China is a rising star, but unusually weak and poor
Jacques deLisle
is a professor of law and a member of the faculty of the Center for East Asian Studies at the University of Pennsylvania
When hordes of athletes, dignitaries, journalists and tourists arrive in Beijing for the Olympics, they will find a China that has become strong and prosperous to an extent unimaginable a generation ago. The quest for wealth and power, an ancient imperative of Chinese statecraft, has been a central goal of China's Communist leaders. They have pursued it through Soviet-style economic planning, to catastrophic Maoist "leaps forward," and, more recently, "Wild East" capitalism.
China's rulers are eager, indeed, anxious, to press this image of a rich and formidable China upon visitors to the Games and upon the wider world. The host regime sees the Olympics as a coming-out party for a recently minted great power, as well as a final step in China's recovery from the criticism that followed suppression of the Tiananmen Movement in 1989 and helped scuttle Beijing's bid for the 2000 Games.

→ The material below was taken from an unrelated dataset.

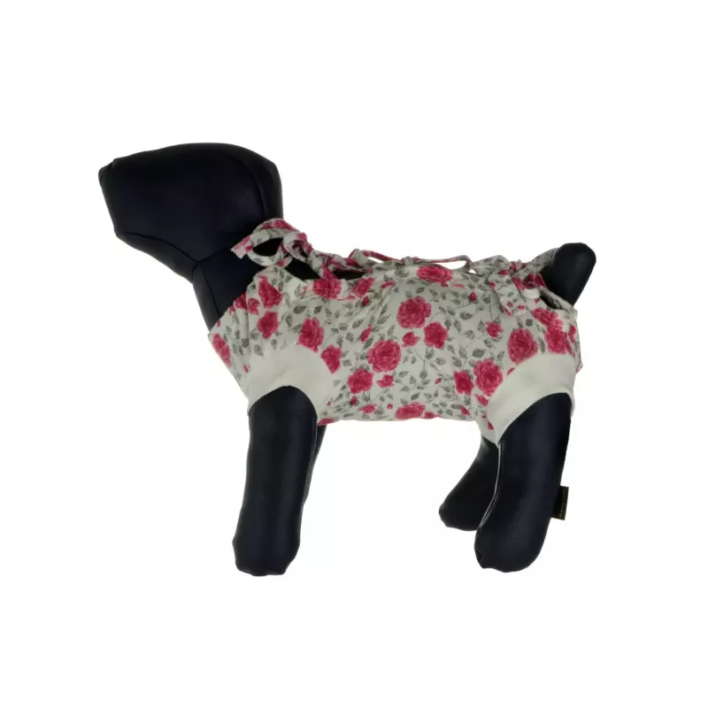 Koszulka pooperacyjna wyprodukowana z dzianiny bawełnianej, oddychająca, rozciągliwa, łatwo dopasowuje się do ciała. Posiada wewnętrzną kieszeń na dodatkowy opatrunek, który zabezpiecza szwy przed rozlizywaniem ich przez tkaninę i namaczaniem śliną oraz przed zabrudzeniami np. podczas spacerów. Charakteryzują się też bardzo wysoką estetyką i jakością wykonania. Uniwersalna dla psów i kotów. W tych koszulkach zwierzęta czują się swobodnie, koszulka nie krępuje ruchów, nie wpija się np. w pachwiny.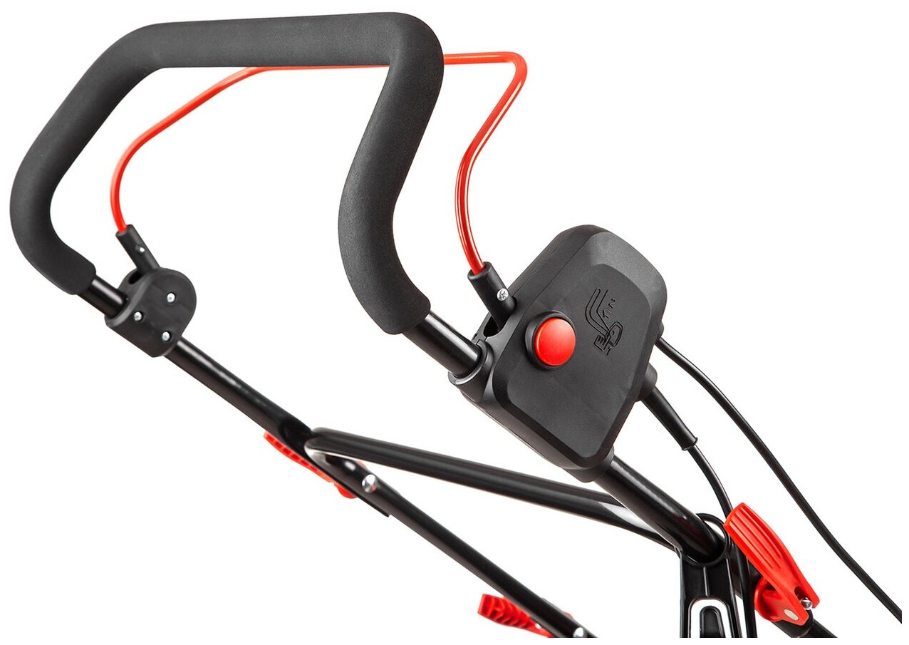 | Плюсы: | Лёгкий. Выделяющийся красный цвет ( тяжело потерять на зелёной траве). Мощность 2000 Вт. Относительно не дорогой, но одинаковая рекомендованная минимальная цена всё портит. 2 «шнека» в комплекте. Относительно не шумный ( указано 108 дцб). Не надо прилагать усилий при работе. Он сам тебя тянет как бы за собой, а ты направление даёшь. По началу я думал что это достоинство, но читаем дальше. В коробке лежит даже без защитного полиэтилена ( бережём экологию наверно). Собирается легко по картинке на фотографии коробки, даже инструкция не нужна. |

Yet China is unusual for a rising power. More than the United States or the Soviet Union or Great Britain during their periods of ascension, China is still weak. Despite a massive military modernization program, China's capabilities remain limited, especially its ability to project conventional force over distance.

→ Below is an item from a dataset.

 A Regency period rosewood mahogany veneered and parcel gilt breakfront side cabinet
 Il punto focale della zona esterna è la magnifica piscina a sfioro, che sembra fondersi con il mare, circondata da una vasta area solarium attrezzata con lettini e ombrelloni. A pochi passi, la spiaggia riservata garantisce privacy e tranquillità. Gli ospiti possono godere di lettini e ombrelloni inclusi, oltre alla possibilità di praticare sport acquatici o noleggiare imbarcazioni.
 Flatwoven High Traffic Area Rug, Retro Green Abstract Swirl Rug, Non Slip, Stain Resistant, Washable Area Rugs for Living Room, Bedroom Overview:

Moreover, China is still poor. True, its economy is now the world's second-largest in "purchasing power parity" terms (a measure that adjusts for lower costs of many goods and services in less developed countries). And China's economy has been growing at more than 10 percent a year for much of the last three decades.
In the more common exchange-rate-based measure of economic size, however, China trails Germany. China's economy is vast, but then, so is its population. Great powers ordinarily do not rank below the world median in per-capita income. But China does. By World Bank measures, it is a lower-middle-income country. Average income does not much surpass $2,000 - or a still-modest $5,400 or so in purchasing power parity terms.
Challenges posed by this relative poverty are made worse by severe inequality and an aging population. By the most common measures, China's society has greater inequality than that of the United States (where inequality is much higher than in almost any other developed economy) and most other countries, especially in East Asia. Chinese urbanites have incomes more than three times those of rural residents. Average income in Shanghai is nearly tenfold that of China's poorest provinces. Policies to redress still-rising inequality are just beginning. If zealously pursued, such policies could threaten the growth that has underpinned China's rise and its rulers' legitimacy.
China also will grow old before it gets rich. Senior citizens are the fastest-growing age group in China. The proportion of Chinese above age 65 soon will approach that in the United States, and it is much higher than in other developing countries. The graying of China stems from harsh population-control policies adopted a quarter-century ago to avoid economically ruinous population growth. But the increasing ratio of retirees to workers imperils investment rates and productivity gains that have sustained China's growing economy and geopolitical clout.
In keeping with its uncertain prowess, China is an ambivalent power. Its approach to foreign relations often still hews to Deng Xiaoping's injunction to "hide brightness and nourish obscurity" - to downplay strength and avoid driving other states to contain or counterbalance China. Under Hu Jintao, China's foreign policy has pursued a "peaceful rise" or "peaceful development" or "harmonious world" - each catchphrase adopted because its predecessor was insufficiently reassuring to an increasingly wary world.
A more aggressive Chinese approach has been emerging. Officials and thinkers are invoking a "Chinese model" developing countries could embrace instead of the neo-liberal economics and trade liberalism preached by Washington. Chinese leaders lecture once-smug Americans on failures of U.S. economic policy.
To some extent, greater assertiveness is inevitable. Rising powers seek to change international regimes they did not shape. China, however, has compelling reasons to accept, even support the status quo for now. It depends on participation in the global economy to sustain growth and stability, and it lacks the leverage to demand major changes. Still, although Chinese leaders have a strong record of putting interest ahead of ideology, there is a risk that China's heady sense of accomplishment and resurgent popular nationalism - both of which will be on display at the Olympics - will drive China to challenge the rules of the game on matters ranging from trade to security. Although acquiescence is more likely in the near term, if and when China becomes less compliant, it could pose problems for another country that benefits even more from the current order - the United States.